Section 43(a) of the Lanham Act, pursuant to which this suit was brought, provides:

(1) Any person who, on or in connection with any goods or services, or any container for goods, uses in commerce any word, term, name, symbol, or device, or any combination thereof, or any false designation of origin, false or misleading description of fact, or false or misleading representation of fact, which--

(A) is likely to cause confusion, or to cause mistake, or to deceive as to the affiliation, connection, or association of such person with another person, or as to the origin, sponsorship, or approval of his or her goods, services, or commercial activities by another person, or

(B) in a commercial advertising or promotion, misrepresents the nature, characteristics, qualities, or geographic origin of his or her or another person's goods, services, or commercial activities,

shall be liable in a civil action by any person who believes that he or she is or is likely to be damaged by such act.

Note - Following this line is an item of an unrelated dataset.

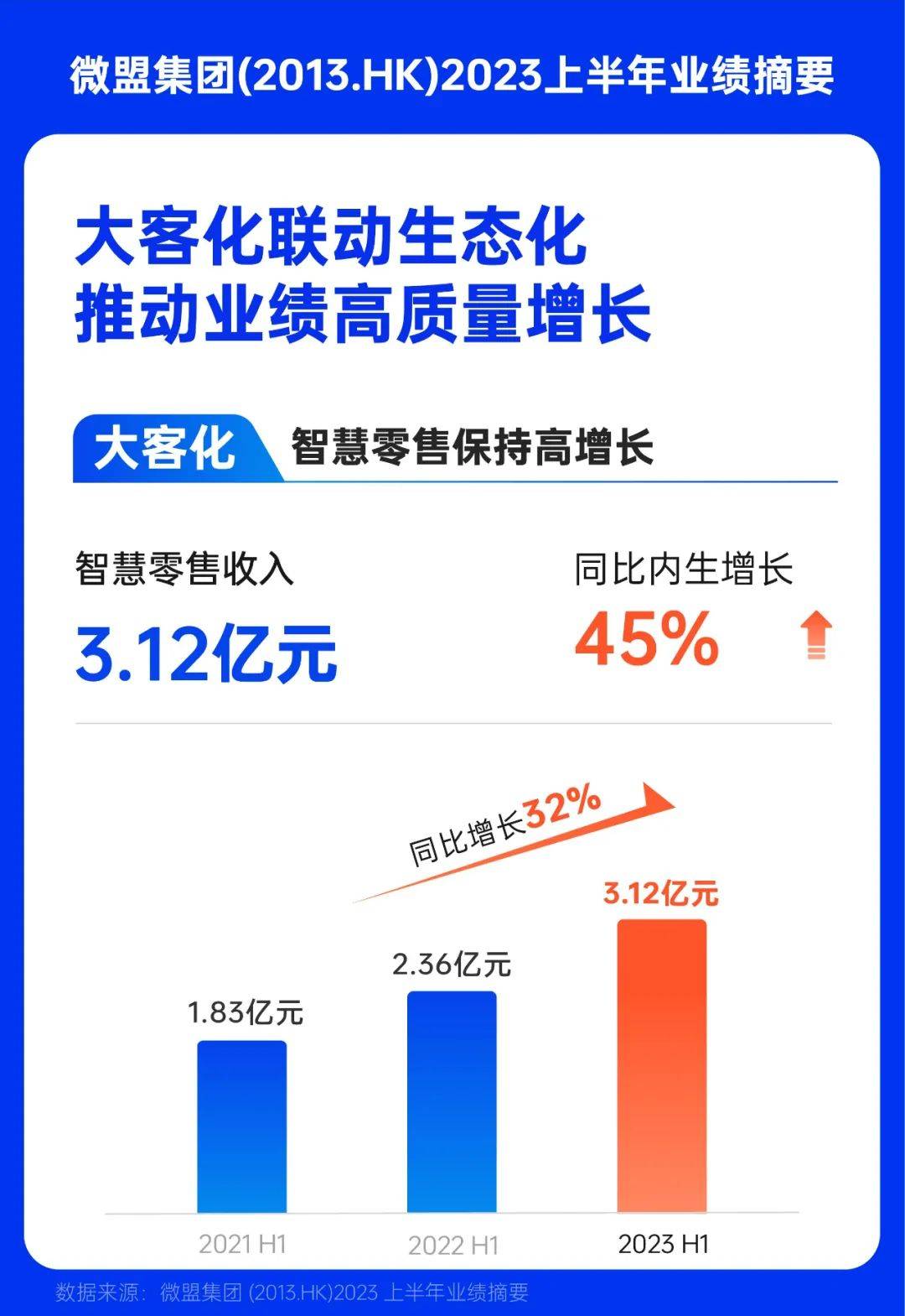 财报显示,2023年上半年,微盟智慧零售收入为3.12亿元,同比增长32%,同比内生增长45%。

15 U.S.C. § 1125(a) (emphasis added). The question in this suit is whether, in enacting the Lanham Act, which includes the quoted language, Congress intended to confer standing on plaintiffs in Appellants' position. For the reasons set forth below, we hold that Congress did not so intend, and we therefore affirm.

Standing is comprised of both constitutional and prudential components. Bennett v. Spear, 520 U.S. 154, 117 S.Ct.